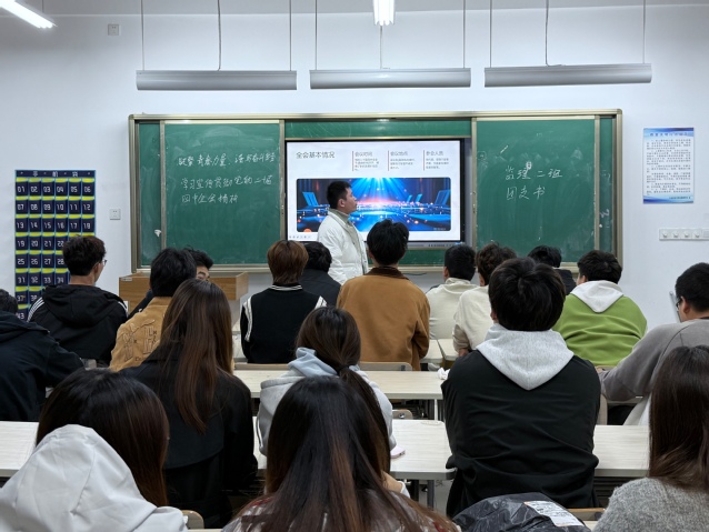 团课伊始,团支书首先阐述了党的二十届四中全会召开的重大意义。她结合精心准备的课件讲解了全会提出的新思想、新论断、新要求,特别是关于推动高质量发展等方面的内容。她注重理论联系实际,将宏大的国家政策与同学们的学业规划、未来发展相结合,引导大家思考个人成长与时代发展的同频共振,深化了大家对全会精神的理解。在团支书的引导下,同学们踊跃发言,分享学习心得,并就“如何将全会精神落实到日常学习与工作中”等话题展开了热烈讨论。大家一致认为,要将学习成果转化为勤奋学习、积极实践的内在动力,不断提升自身能力,勇担时代重任。
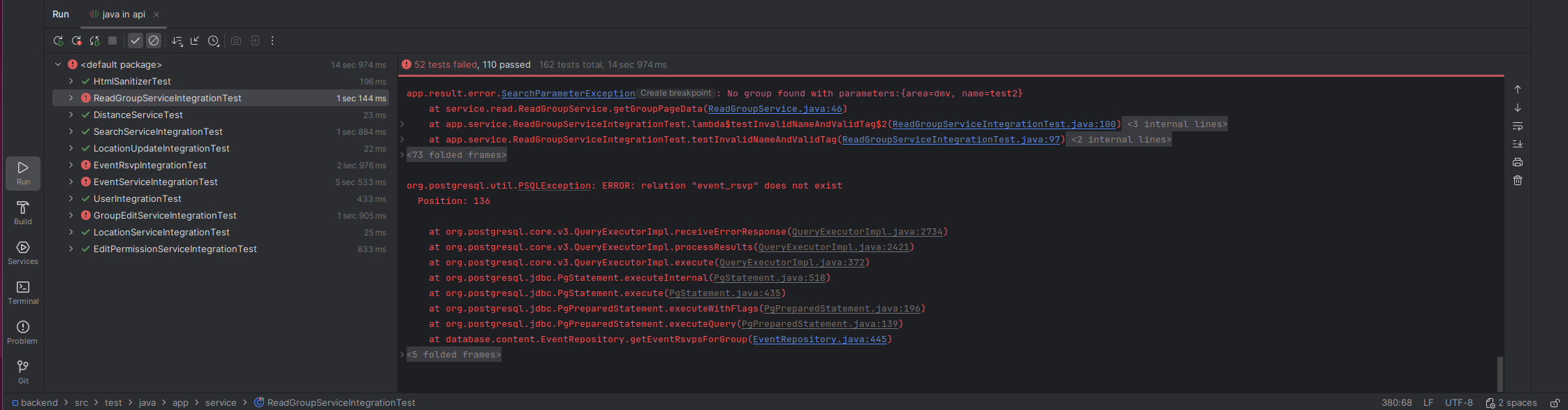 To simplify the code and the database, I decided to combine event rsvp and event editor permissions into one table. After updating the schema on my local environment, I ran the integration tests, which unsurprisingly had test failures. Within approximately 15 seconds, the test results identified which areas of the code needed to be updated. This will be especially useful for developers who haven’t been closely working with the codebase for months.
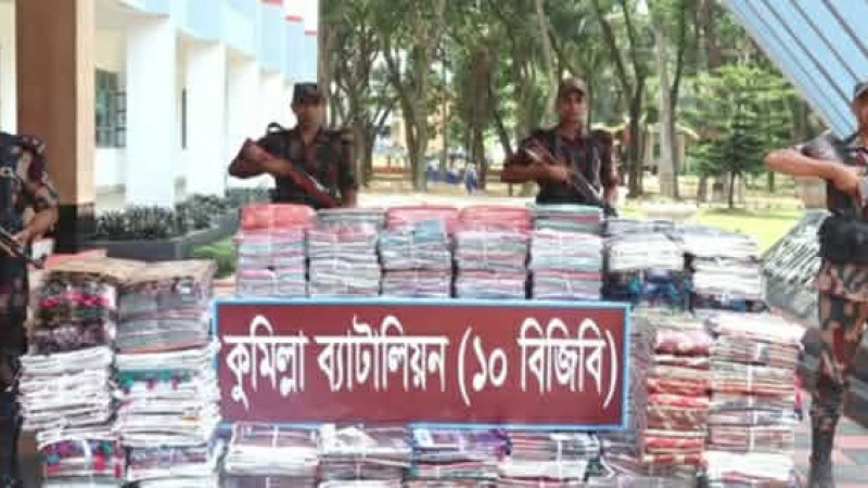 কুমিল্লার সীমান্তে বিপুল পরিমাণ ভারতীয় শাড়ি জব্দ।
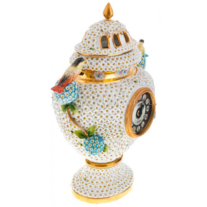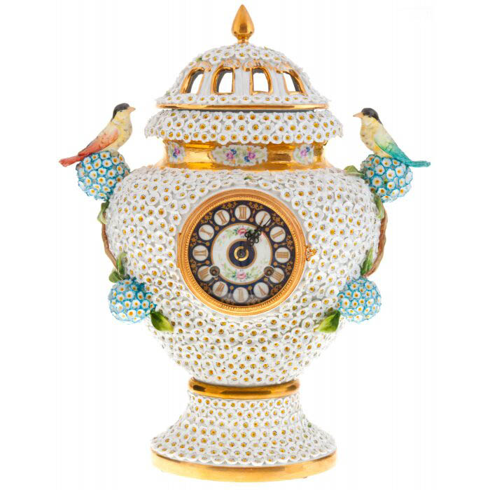 Каминные часы «Танец времени» выполнены в форме фарфорового сосуда, усыпанного тысячами крошечных цветов, подобно бескрайнему полю ромашек под летним небом. Белоснежная поверхность усыпана миниатюрными бутонами с золотыми сердцевинами, создающими сияющее, едва уловимое мерцание. На широком корпусе, дополненном роскошной позолоченной окантовкой, расположены скульптурные композиции: две птички с трепетно проработанными перьями в нежных пастельных тонах восседают на ветвях, украшенных цветами небесно-голубого оттенка. Круглый циферблат с ажурной росписью, обрамлённый золотистым венком, завершает картину утончённого совершенства.

────

Problem description
Print the listing exactly, minus any pictures.

Exercise response
 团课伊始,团支书首先阐述了党的二十届四中全会召开的重大意义。她结合精心准备的课件讲解了全会提出的新思想、新论断、新要求,特别是关于推动高质量发展等方面的内容。她注重理论联系实际,将宏大的国家政策与同学们的学业规划、未来发展相结合,引导大家思考个人成长与时代发展的同频共振,深化了大家对全会精神的理解。在团支书的引导下,同学们踊跃发言,分享学习心得,并就“如何将全会精神落实到日常学习与工作中”等话题展开了热烈讨论。大家一致认为,要将学习成果转化为勤奋学习、积极实践的内在动力,不断提升自身能力,勇担时代重任。
 To simplify the code and the database, I decided to combine event rsvp and event editor permissions into one table. After updating the schema on my local environment, I ran the integration tests, which unsurprisingly had test failures. Within approximately 15 seconds, the test results identified which areas of the code needed to be updated. This will be especially useful for developers who haven’t been closely working with the codebase for months.
 কুমিল্লার সীমান্তে বিপুল পরিমাণ ভারতীয় শাড়ি জব্দ।
 Каминные часы «Танец времени» выполнены в форме фарфорового сосуда, усыпанного тысячами крошечных цветов, подобно бескрайнему полю ромашек под летним небом. Белоснежная поверхность усыпана миниатюрными бутонами с золотыми сердцевинами, создающими сияющее, едва уловимое мерцание. На широком корпусе, дополненном роскошной позолоченной окантовкой, расположены скульптурные композиции: две птички с трепетно проработанными перьями в нежных пастельных тонах восседают на ветвях, украшенных цветами небесно-голубого оттенка. Круглый циферблат с ажурной росписью, обрамлённый золотистым венком, завершает картину утончённого совершенства.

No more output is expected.